-->

KMWorld 2024 Is Nov. 18-21 in Washington, DC. Register now for Super Early Bird Savings!

Searching the Long Tail

The "long tail" theory says there's latent demand for each piece of information you create—not just the most popular ones. And with the reach of corporate intranets, portals and the Internet, it's now possible to satisfy the long tail of demand out to the very end. But it takes more than simple search to help a person find the content that matters to him and no one else. So how can anybody find anything in there?

Mass Market Goes Niche
The long tail was first described by Chris Anderson, editor-in-chief of Wired.1 The simplest way to illustrate the long tail is with a retail example, but as we'll discuss below, the long tail equally well describes search in intranets, portals, knowledge bases and nearly any other place that we aggregate information. Anderson points out that the economics of the Internet breaks offline barriers and turns scarcity-based business decisions upside down. Online, it costs practically nothing to add another product to inventory. It consumes no additional shelf space because online shelf space is infinite. It doesn't have to be held in on-hand inventory because it can be sourced from a supplier at the time of the order. Similarly, serving one more customer costs practically nothing. Even if taking on 10,000 additional customers incurs additional costs in hardware and bandwidth, this pales in comparison to the outlay for construction, staffing and supply infrastructure for new buildings. And the potential benefits are enormous. Anderson found that representative online retailers in books, film and music derive 20% to 25% of their revenue from sales in the long tail.2

Not Just Long Re-tail
The long tail is simply a power law—the distribution behind the famous 80/20 rule. Power laws crop up all over. Take words in the English language: a few get used all the time (e.g., the, of, and), some occasionally (e.g., today, mother, probably) and an enormous number almost never (e.g., conquistador). This is a power law. Page visits on a Web site also form a power law.3 In fact, every search or navigation log we've looked at shows a power law—whether for internet, intranet, extranet sites or even analytics apps, regardless of industry. (See figure.) The common elements in all these cases are freedom of choice combined with a large number of options. Inevitably, inequality arises as more people, influenced by the choices already made by others, converge on a few selections. But the convergence is never complete. Each individual has goals that most others don't. A few customers want to read James Joyce's one play. A handful of employees need the dental plan exemption form. And only one manager needs to know the performance of the last direct-mail campaign in Nevada. Historically, companies couldn't support all these one-off goals. They had to cut the long tail short. Now, they don't.

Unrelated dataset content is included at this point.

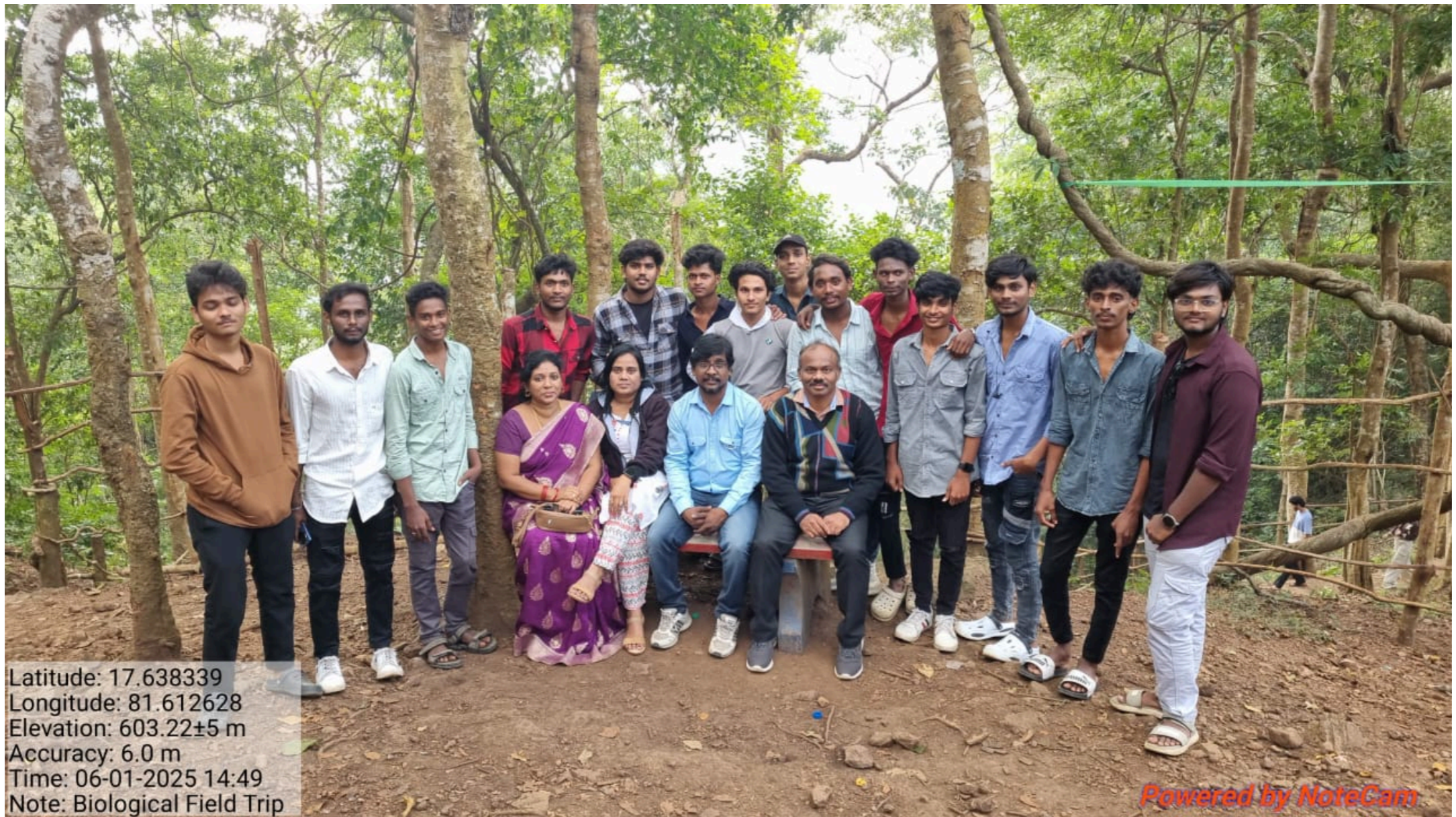
Latitude: 17.638339 Longitude: 81.612628 Elevation: 603.22±5 m Accuracy: 6.0 m Time: 06-01-2025 14:49 Note: Biological Field Trip

More Needles, Bigger Haystack
But, of course, there's a price. Capturing the long-tail opportunity means offering an abundance of information, which becomes overwhelming when a person can't find what he's looking for. Searching—the human activity of looking for something, whether with keyword search or other means—unfolds in a scenario of small but difficult choices. The sheer number of scenarios in the long tail makes optimizing each one impossible. To provide the best experience for each user, focus on the four principles that drive all search scenarios. When people search, they:

Predict: With each step, the user tries to predict the likely effects of his action. But the inherent uncertainty of seeking something not yet found makes these predictions difficult. For example, to find the dental plan exemption form, should an employee click "Dental Plan," which could have all the plan information, or "Forms," which could have all forms, regardless of type? Or should he put in a keyword search? And, if so, what if he calls it an "exemption form" and they call it a "benefits declination" form? If he makes the wrong prediction, he's wasting time.
Adapt: As people learn something more about the thing they're looking for, the functionality of the system they're using or the content in it, they modify their approach.4 If a user were at an online job-posting site looking for a direct marketing position near her home town, she might start with a search for "direct marketing." When she looks at the thousands of results, she sees an option to refine the list to just her town. She clicks it. These are two completely different methods of searching. But people see them as perfectly complementary.
Iterate: The notion that people won't click more than three times is one of the great myths of Web site design. Research from User Interface Engineering dispels this myth by showing that users will take as many as 25 steps to reach their goals.5 The quantity of clicks doesn't matter as much as the quality. As long as people make progress with each step, they feel that their efforts are well spent.6 But if they don't see consistent progress, they're likely to give up.
Revise: Serendipity will take its course. People are likely to learn something completely new along the way that causes them to revise their goals. When this happens, they form new goals and repeat the searching process.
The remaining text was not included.